Abstract 126P
Background
Third-generation EGFR-TKI have demonstrated remarkable efficacy as adjuvant therapy in patients with EGFR-mutated NSCLC. Aumolertinib, a novel third-generation EGFR tyrosine kinase inhibitor (TKI), has shown outstanding effectiveness in NSCLC patients with EGFR mutation, including those with brain metastasis. The objective of this study was to assess the long-term efficacy and safety of adjuvant aumolertinib in postoperative patients.
Methods
Patients who underwent radical surgery for EGFR-mutated NSCLC with stage IA2-ⅢA were enrolled from four different medical centers. They received aumolertinib 110 mg once daily for 6 months to 3 years, depending on the pathological stage and individual physical conditions. The disease-free survival (DFS), safety and tolerability were evaluated. Patterns of recurrence and CNS DFS were prespecified exploratory end points.
Results
The retrospective analysis included 290 patients who underwent radical surgery, and were pathologically diagnosed with adenocarcinoma, EGFR mutation-positive, and stage IA2-ⅢA NSCLC. At the data cutoff (December 11, 2023), the median follow-up was 19.2 months. The 3-year DFS rate was 92.4% in the overall population. For stage I (IA and IB) and II-IIIA disease, the 3-year DFS rate was 91.7% (91.7% and 100%) and 91.2%, respectively. CNS recurrence occurred in only one patient in the overall population, and 3-year CNS DFS rate was 99%. The estimated probability of observing CNS recurrence at 36 months was 1% in the overall population and 2.5% in stage IB-IIIA disease, respectively. During aumolertinib treatment, no adverse events of grade≥3 were reported. Among the 290 patients, 104 patients (35.9%) experienced drug-related adverse reactions, with rash (50/290, 17.2%), diarrhea (16/290, 5.5%), abnormal liver function (18/290, 6.2%), and oral ulcer (17/290, 5.8%) being the most common.
Conclusions
These updated data further underscore the pronounced efficacy of aumolertinib in the postoperative adjuvant treatment of NSCLC, accompanied by an excellent safety profile. Long term follow-up for our study is ongoing to explore additional survival outcomes.

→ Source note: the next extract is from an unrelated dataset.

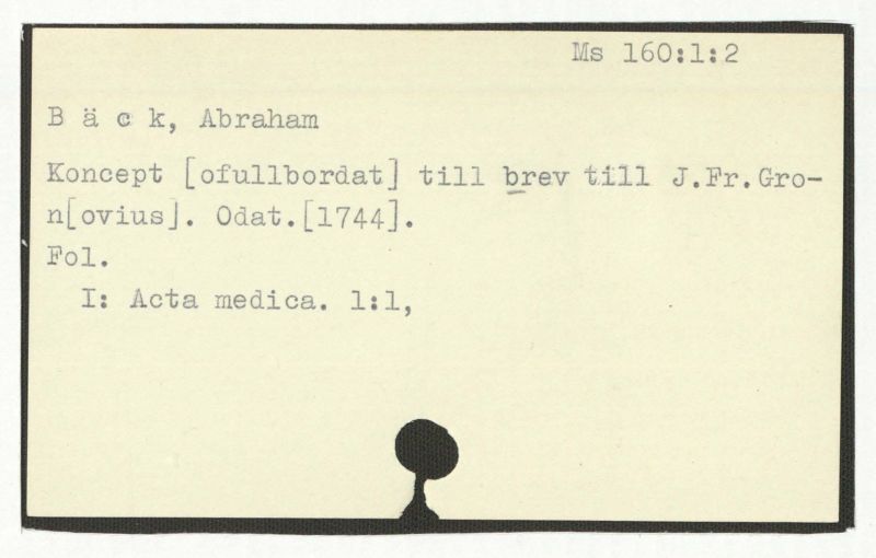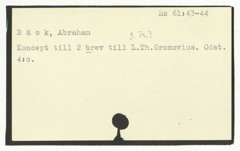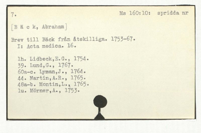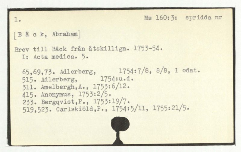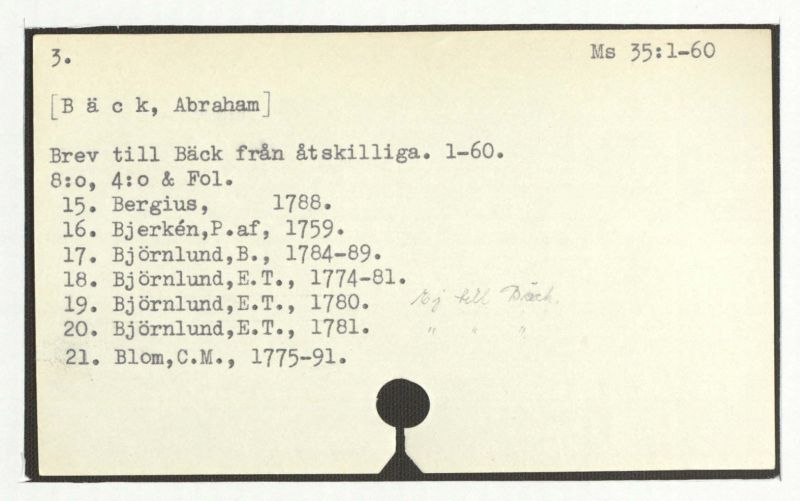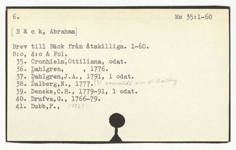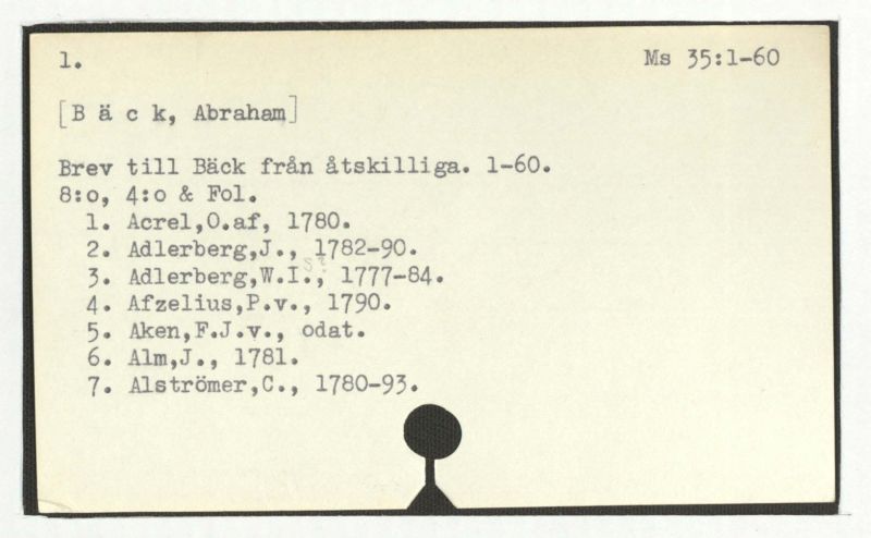 Brev till Bäck från åtskilliga. l-60.

Legal entity responsible for the study
The authors.
Funding
Funded by NINGBO Medical & Health Leading Academic Discipline Project, Project Number:2022-F02. Ningbo Clinical Research Center for thoracic & breast neoplasms (2021L002). The major science and technology innovation in 2025 projects of Ningbo, China (2019B10039).
Disclosure
All authors have declared no conflicts of interest.